Build it and they will come

A couple of times a week, I cycle to work (about 15 miles roundtrip). My bike route takes me along the Western Canal. This used to be a gravel path interspersed with some beaten-up asphalt used by utility trucks. An added hazard was the adjacent golf course (think poorly hit golf balls and inattentive golf cart drivers). Last year the City of Tempe added a paved pathway with lights (and nets to protect users along the golf course). I am surprised by the increased number of people of all ages that use the path for running, strolling, and cycling. Canals in Phoenix are a far cry from those in Amsterdam, but the dedicated pathway along the canal is enough to get people to come and use them.  The City of Tempe’s efforts to make the city livable is important for the health and well-being of its citizens, and for promoting the city as a competitive, amenity-rich destination for new residents.

 

Urbanization and Global Environmental Change

Arizona State University was host to the Urbanization and Global Environmental Change conference this past fall.  I had the honor of presenting a plenary presentation (view here, my presentation beings 3 minutes in after an introduction). The conference attracted a broad international audience of both academics and practitioners. As we enter the urban century, I suspect that interest will continue to grow  about understanding the dynamic linkages between urbanization and global change. Effective interventions for global sustainability concerns are likely to be invented and implemented in the world’s burgeoning cities.

World Urban Forum

wuf5_logoI recently returned from the World Urban Forum in Rio de Janeiro. Along with Michail Fragkias, I helped to organize a session on “Urban Responses to Climate Change” and presented a paper on linking global environmental change with an ecologically-informed environmental justice. The theme of the conference, attended by 13,000 participants, was “The Right to the City: Bridging the Urban Divide.”  Remarkable to me is that UN-HABITAT would invoke the title of one of Henri Lefebvre’s most influential titles.

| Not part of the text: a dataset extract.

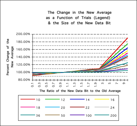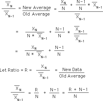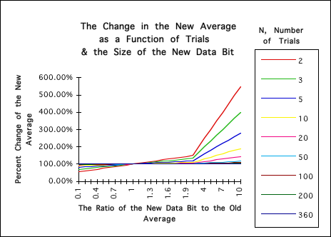 Following is a derivation of the ratio of the New Average to the Old Average. The above graphs are based upon this equation. It shows that the percent of change of the new Average to the Old Average is a function of R, the ratio between the New Data and the Old Average, and N, the number of trials.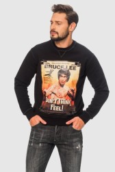 Hanorac Dsquared2 din bumbac de culoare neagră. Imprimeu mare cu Bruce Lee pe față. Decolteu rotund, canelat. Partea de jos și mânecile sunt finisate cu manșete canelate.

It suggests that the UN and other organizations recognize that the injustices that have accompanied urbanization, leaving millions of people marginalized and unable to enjoy the basic freedoms of living in the city, need to be seriously addressed in the coming decade.  In other words, building new infrastructure or refinancing loans will have few long-term benefits if people are not granted the basic right to a decent life in the rapidly growing cities of the world.

Sustainability for all

A recent story in the New York Times about the Velib bicycle program underscores the importance of justice in sustainability. The Velib program, which offers heavy duty bicycles for rent in Paris, has attracted a great deal of praise, and has been especially important for the all important tourist trade. However, as this story highlights, almost 80 percent of bicycles have been stolen or vandalized, some by disenchanted youth in the suburbs. One sociologist argues that there is “social revolt behind Vélib’ vandalism, especially for suburban residents, many of them poor immigrants who feel excluded from the glamorous side of Paris.” Indeed, the center of Paris is privileged space, and the efforts to bring sustainable transportation alternatives must seem patently unjust to those marginalized in the suburbs. Sustainability, both for moral and practical reasons, must be just if it is going to resonate with all members of society.